La bataille pour la 13e rente AVS n'est pas finie
Le projet de financement mis en consultation par le Conseil fédéral est loin de faire l’unanimité. Bras de fer en vue au Parlement
Après le plébiscite de la 13e rente AVS début mars, le débat est loin d'être clos. Le Conseil fédéral a mis en consultation son projet de financement le 22 mai, fixant le délai au 5 juillet pour viser une mise en œuvre dès 2026. Mais ses propositions sont loin de faire l’unanimité et donneront certainement lieu à un bras de fer au Parlement.
D’ici à 2030, le coût de la 13e rente devrait s'élever à 4,7 milliards de francs par an. Pour éviter d'assécher à moyen terme le fonds de l’AVS, doté de 48 milliards, le Conseil fédéral propose deux variantes: soit une hausse des cotisations salariales de 0,8 point, qui rapporterait 3,8 milliards de francs par an, soit une augmentation de celles-ci de 0,5 point (+2,4 milliards), combinée à une hausse de la TVA de 0,4 point (+1,5 milliard), pour un total de 3,9 milliards de recettes en 2030.
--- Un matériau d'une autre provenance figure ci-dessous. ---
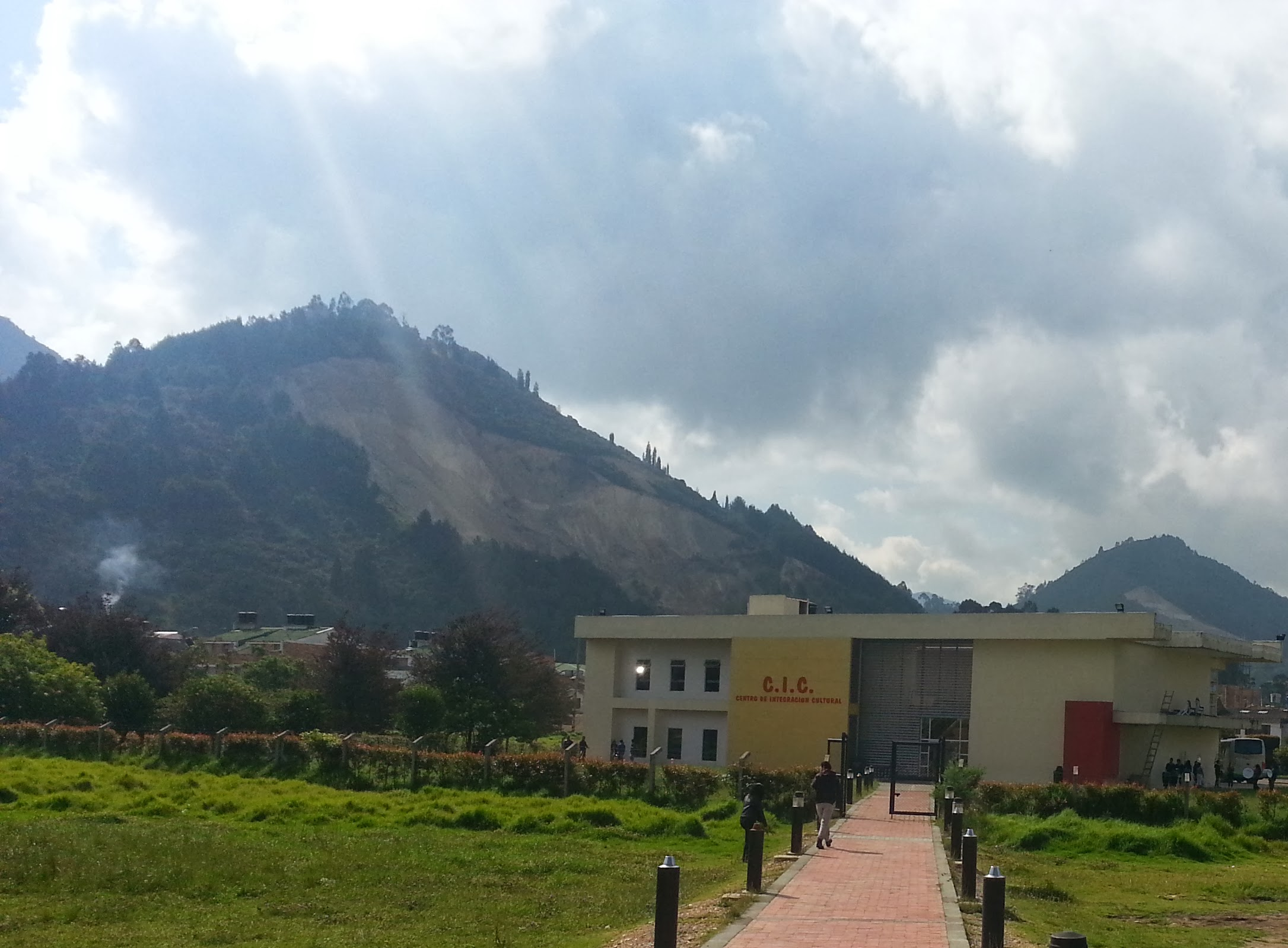 Centro integracion cultural, Sopo, Cundinamarca Colombia

Le gouvernement rejette toutes les autres idées émises après la votation, telles qu'un impôt sur les successions ou une taxe sur les transactions boursières. Par ailleurs, il veut diminuer temporairement la part de la Confédération, qui assume actuellement 20,2% des dépenses de l’AVS, afin de ne pas plomber les finances fédérales.
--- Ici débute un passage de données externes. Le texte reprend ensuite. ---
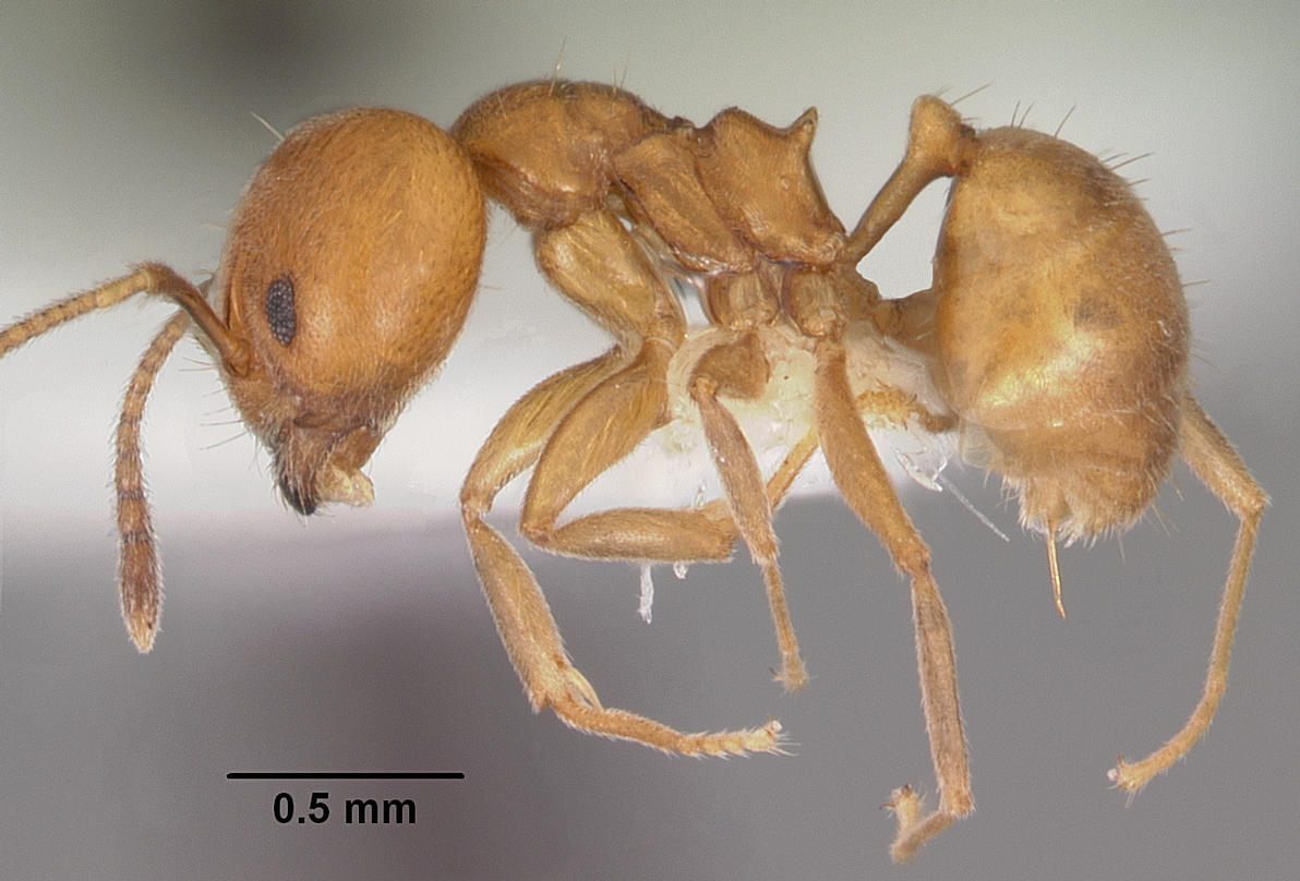 Profile view of ant Aneuretus simoni specimen casent0102369.

Une hausse des cotisations indolore
L’Union syndicale suisse (USS), qui avait lancé l'initiative sur la 13e rente, salue le fait que le Conseil fédéral veuille aller vite. Elle préfère clairement la première variante. Pour elle, augmenter les cotisations salariales est la meilleure mesure sous l’angle social, puisque les hauts revenus contribuent davantage que les bas. De plus, elle pense que ce sera indolore pour la population, puisque d'autres cotisations ont baissé ces derniers temps.
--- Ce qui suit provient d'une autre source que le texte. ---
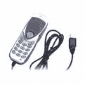 Freeware image of usbphone, modified in Photoshop so that no vendor identified

Cependant, l'USS ne lancera pas de référendum contre une éventuelle hausse de la TVA, même si celle-ci touche indistinctement toutes les classes sociales. «Selon nos calculs, elle resterait supportable pour les ménages, confie Gabriela Medici, première secrétaire adjointe de l'USS. Le problème de cette mesure, c'est surtout qu’elle est plus difficile à mettre en œuvre, car cela nécessite une votation populaire, avec double majorité, pour modifier la Constitution.» Quant aux autres pistes de financement écartées par le Conseil fédéral, l'USS estime qu'elles ne garantiraient pas de recettes suffisamment stables sur le long terme.
En revanche, la baisse de la contribution de la Confédération est jugée inacceptable par la faîtière syndicale, qui refuse de déroger au principe du «qui commande paie». L’USS suggère, pour alléger la facture, que les cantons passent aussi à la caisse, vu que la 13e rente leur procurera des recettes supplémentaires.
Rejet frontal à droite
Pour l’instant, c’est à droite que les propositions du Conseil fédéral suscitent le rejet le plus frontal. Le PLR s’oppose à ce qu’il considère comme de nouveaux impôts et veut plutôt encourager le fait de continuer à travailler après l’âge de la retraite, sur une base volontaire. De son côté, la Commission de la sécurité sociale et de la santé publique du Conseil national (CSSS-N) a déjà rejeté au début de mai le projet mis en consultation. Sa majorité juge que la question du financement de la 13e rente devra être réglée lors de la prochaine révision de l'AVS.
Le Parti socialiste accuse la droite de ne pas accepter le résultat des urnes. Pour lui, torpiller son financement reviendrait à renoncer à la 13e rente. Or, il souligne que sa mise en œuvre est urgente, car les loyers et les primes d’assurance maladie ne cessent d’augmenter. «Il n’est pas acceptable que le camp bourgeois affaiblisse l’AVS pour faire passer plus tard une augmentation de l’âge de la retraite contre la volonté du peuple», déclare la vice-présidente du PS suisse Valérie Piller Carrard.